§ **WHAT THE TASK REQUIRES**:
Pictures stay out. Extract the lines below from the first one through the line with "Dr.K.DEEPA Associate Professor, Electrical", both included.

(Records from a collection)
[Start of section]

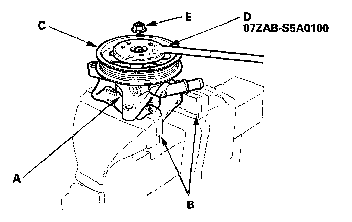 3. Hold the power steering pump (A) in a vise with soft jaws (B), then hold the pulley (C) with the special tool (D), and remove the pulley nut (E) and pulley. Be careful not to damage the pump housing with the jaws of the vise.
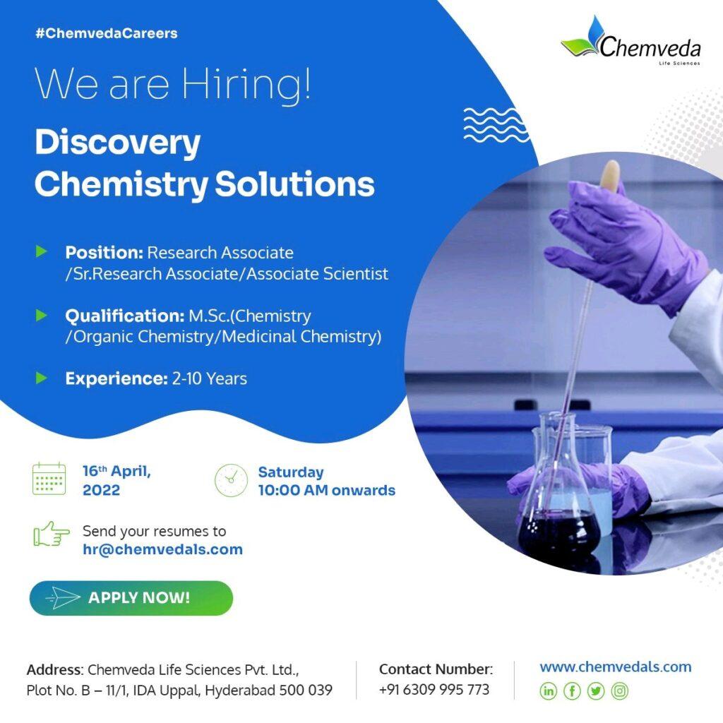Chemveda Life Sciences India hiring for Research Associate, Sr. Research Associate, and Associate Scientist in Discovery Chemistry Solutions
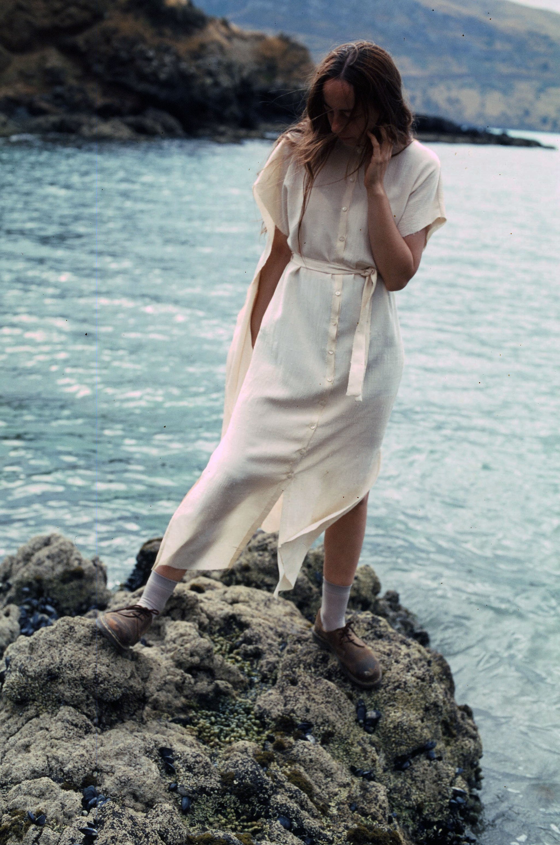 Materials: Ivory silk, mother of pearl buttons
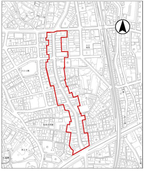 大口通に接する両側街区で、大口交差点から国道1号までの地域
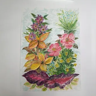 Acuarela original de flores "Retro". Pintada a mano . Tamaño A4, 21*29,7cm. No incluye marca. - Técnica de acuarela sobre papel. - Ideal para decoración.
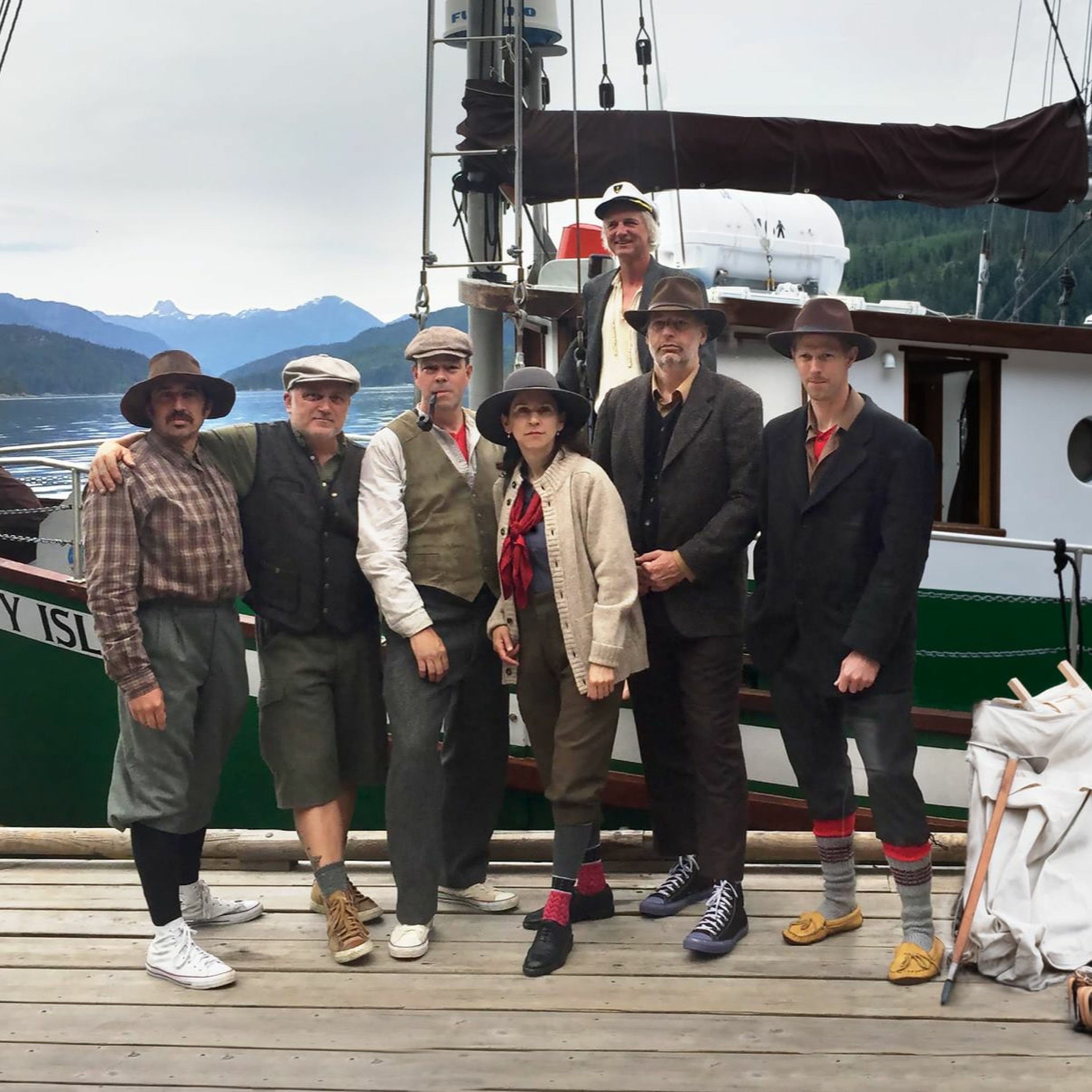The reenactors with Mike Moore in front of the Misty Isles - Photo courtesy Susanna Oreskovic
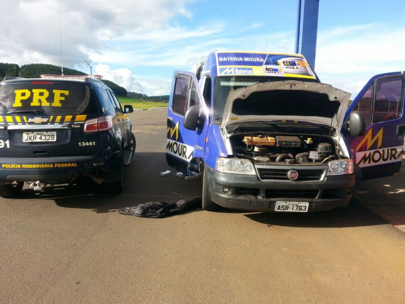 Quando da abordagem a um veículo Van que tinha registro de furto/roubo, os policiais constataram que as placas eram falsas além de encontrarem um rádio comunicador para acompanhar o trabalho da polícia. No compartimento de carga, eles encontraram uma grande quantidade de cigarros contrabandeados do Paraguai. O motorista foi preso em flagrante, sendo que a PRF também deteve o veículo Saveiro com dois ocupantes que faziam o trabalho de batedor.
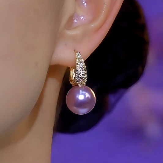 14K Gold-Plated Luxury Zircon Purple Pearl Earrings
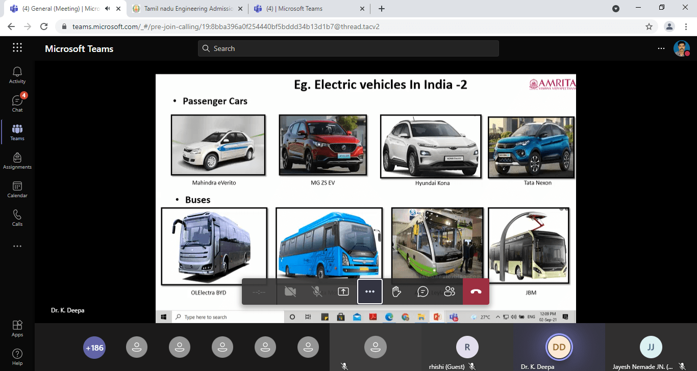 Dr.K.DEEPA Associate Professor, Electrical and Electronics Engineering, School of Engineering, Amrita Vishwa Vidyapeetham (Deemed to be University), Bengaluru, was the guest speaker. In her special address, she explained about the role, needs and importance of electric vehicle technology in this era. In her presentation, she elaborated the basic concepts of greenhouse gases and its effects. She insisted that EV adoption plays a major role in reducing pollution and to improve efficiency when compared with IC engine. She related the basic courses with the formation of EV technology. She described electrical machines, power electronic converters, batteries, control system plays a vital role in designing an EV.
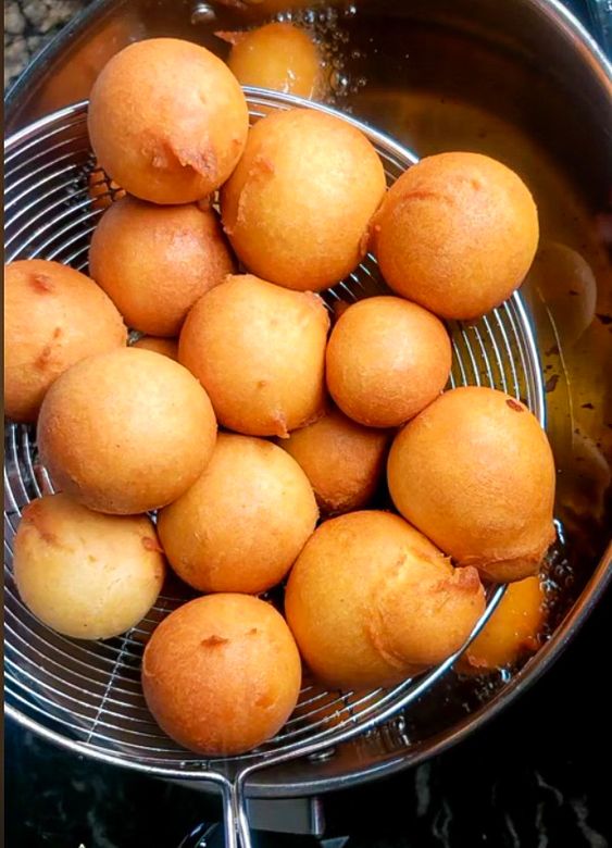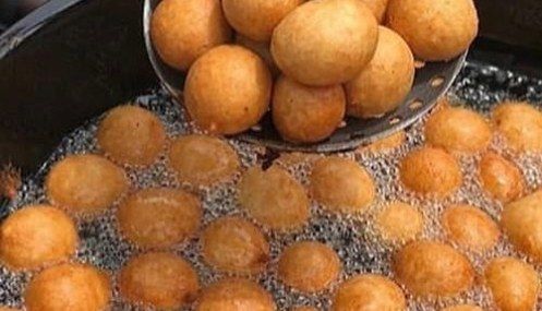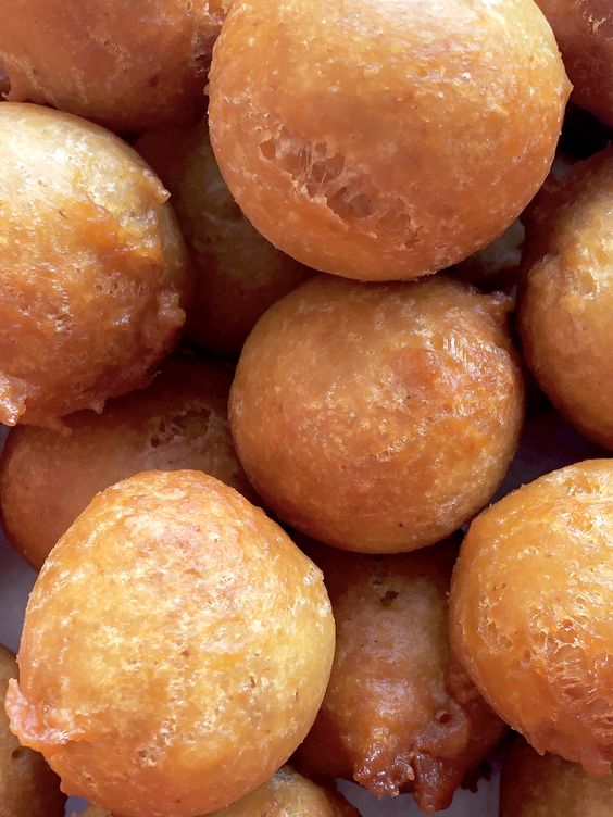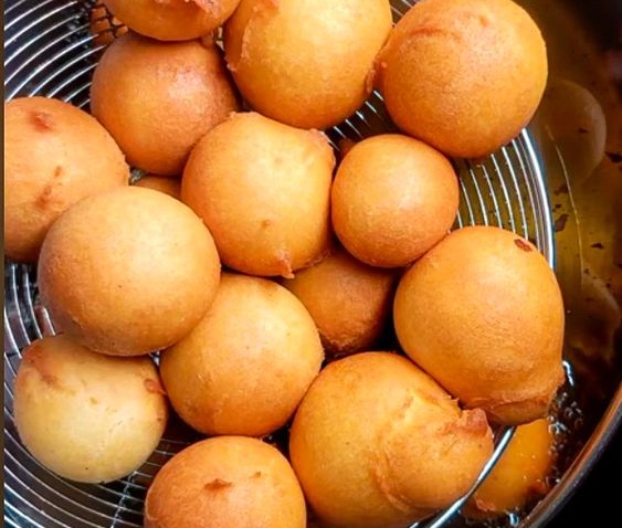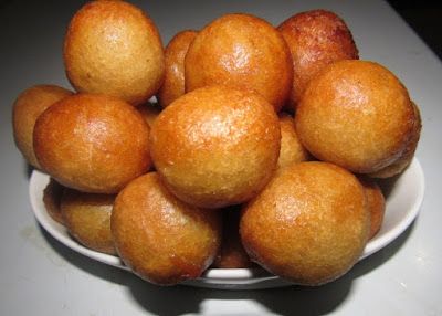 Add flour, salt, sugar, nutmeg, cinnamon, yeast, dry pepper, and flour in a bowl, mix together. This is the type of yeast that you can add directly to your flour, without proofing in warm water. Add your egg, and mix it in the flour, while gradually adding warm water. Place the mixture in a warm place i.e your warm oven or warm microwave. Keep it there to rise for about and 1 hour 30 minutes. It will double in size. If it doesn’t, it means something is wrong with your yeast. Pour the vegetable or canola oil in a deep pan, and place on medium heat. Add the finely diced onion now, if using. It gives a nice flavor, but it is optional. Splash a few drops of water in to test how hot the oil is. Now scoop the mixture with your fingers, or a decent sized spoon, if preferred, and transfer to the pan of oil. Getting perfect round puff puffs is an art… I’m not quite there yet. Fry batch by batch so that you don’t overcrowd the pan. Flip it when it starts to get brown, until it is a nice golden brown. Transfer from the pan to plate lined with paper towels to drain the oil! Enjoy them while they are nice and warm!

[End of section]

§ **WRITTEN SOLUTION**:
 3. Hold the power steering pump (A) in a vise with soft jaws (B), then hold the pulley (C) with the special tool (D), and remove the pulley nut (E) and pulley. Be careful not to damage the pump housing with the jaws of the vise.
Chemveda Life Sciences India hiring for Research Associate, Sr. Research Associate, and Associate Scientist in Discovery Chemistry Solutions
 Materials: Ivory silk, mother of pearl buttons
 大口通に接する両側街区で、大口交差点から国道1号までの地域
 Acuarela original de flores "Retro". Pintada a mano . Tamaño A4, 21*29,7cm. No incluye marca. - Técnica de acuarela sobre papel. - Ideal para decoración.
The reenactors with Mike Moore in front of the Misty Isles - Photo courtesy Susanna Oreskovic
 Quando da abordagem a um veículo Van que tinha registro de furto/roubo, os policiais constataram que as placas eram falsas além de encontrarem um rádio comunicador para acompanhar o trabalho da polícia. No compartimento de carga, eles encontraram uma grande quantidade de cigarros contrabandeados do Paraguai. O motorista foi preso em flagrante, sendo que a PRF também deteve o veículo Saveiro com dois ocupantes que faziam o trabalho de batedor.
 14K Gold-Plated Luxury Zircon Purple Pearl Earrings
 Dr.K.DEEPA Associate Professor, Electrical and Electronics Engineering, School of Engineering, Amrita Vishwa Vidyapeetham (Deemed to be University), Bengaluru, was the guest speaker. In her special address, she explained about the role, needs and importance of electric vehicle technology in this era. In her presentation, she elaborated the basic concepts of greenhouse gases and its effects. She insisted that EV adoption plays a major role in reducing pollution and to improve efficiency when compared with IC engine. She related the basic courses with the formation of EV technology. She described electrical machines, power electronic converters, batteries, control system plays a vital role in designing an EV.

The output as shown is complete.